Когда мертвый художник отлучался, место его в голове гвардейца Эрбаля спешил занять Железный Человек. Но Железный Человек никогда не являлся в печальную пору сумерек, никогда не устраивался у Эрбаля за ухом на манер плотницкого карандаша; он возникал ранним утром – обычно в зеркале, перед которым Эрбаль брился. В такие дни гвардеец просыпался совершенно разбитым. Через ночь он продирался, хватая ртом воздух, как будто поочередно то поднимался в гору, то спускался вниз, волоча за собой груженного трупами мула.
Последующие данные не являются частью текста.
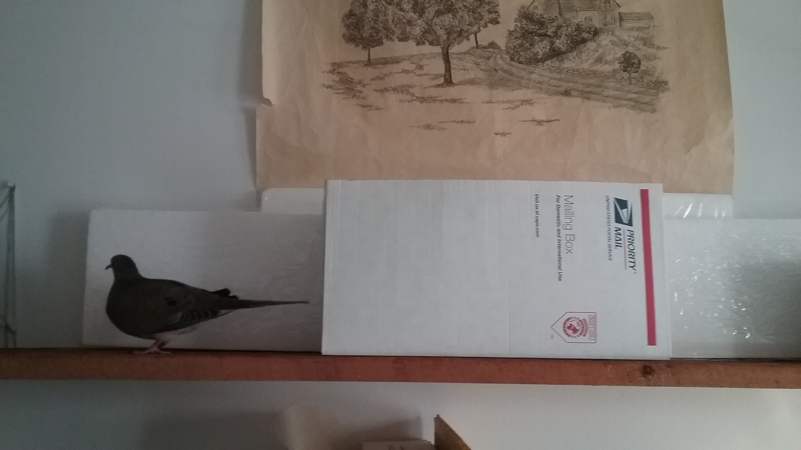 “Deb”, the neighbour down the road who recently has a beautiful white pigeon taking residence in her barns, has been SO helpful, in that she's giving me a list of places where she believes that, not only could they be beneficial to me in my searching for more information, but that, with this experience with Yonah over this year, the benefits could be mutual in that, I had constant, 24-hour companionship with Yonah and that, well, (of course), he's my “Life” and not just a limited number of hours occupation. I have much to look into in the coming days now and it would be a great comfort to be able to just ask questions of some-one who has a genuine interest in and caring for and about mourning doves. So I'm rather quite excited. And this “shelf habit” of Yonah's is one of my first questions. (Dear Reader, watch the “Care” pages... anything I learn will be posted there... including this “shelf affair”.)

Так что Железный Человек находил его вполне готовым к тому, чтобы выслушивать советы, которые звучали скорее приказами. Научись смотреть твердо, повелевай взглядом, для этого сожми зубы. Говори поменьше. Слова, даже самые хлесткие и грубые, – это всегда оружие дилетантов, за них хватаются только слабаки, как матрос на гибнущем корабле – за мачту. Зато молчание вкупе с грозной, свирепой миной наводит страх. Не забывай: человеческие отношения – это либо власть, либо подчинение. Как у волков. Сперва нужно принюхаться друг к другу, чтобы установить новый порядок – то бишь определить, кто сильней. И застегните верхнюю пуговицу на мундире, солдат! Вы победитель. Пусть все это знают. В комнате, где поселила его сестра, на стене висел старый велосипед. Велосипедом никто не пользовался, и шины на колесах были такими чистыми, что казалось, они никогда не касались земли, а жестяные щитки блестели как серебряные. Прежде чем лечь спать, Эрбаль сидел на кровати и смотрел на велосипед. В детстве он мечтал о чем-то подобном. Или нет. Верно, это был сон: ему снилось, что когда-то ему это снилось. И вдруг он почувствовал себя обманутым. Все, что вспоминалось как сон, тот сон, что заслонял собой любые друтие сны, – это была девочка, девушка, женщина по имени Мариса Мальо. И теперь она была здесь, на стене, словно парящий в воздухе образ Непорочной Девы на алтаре.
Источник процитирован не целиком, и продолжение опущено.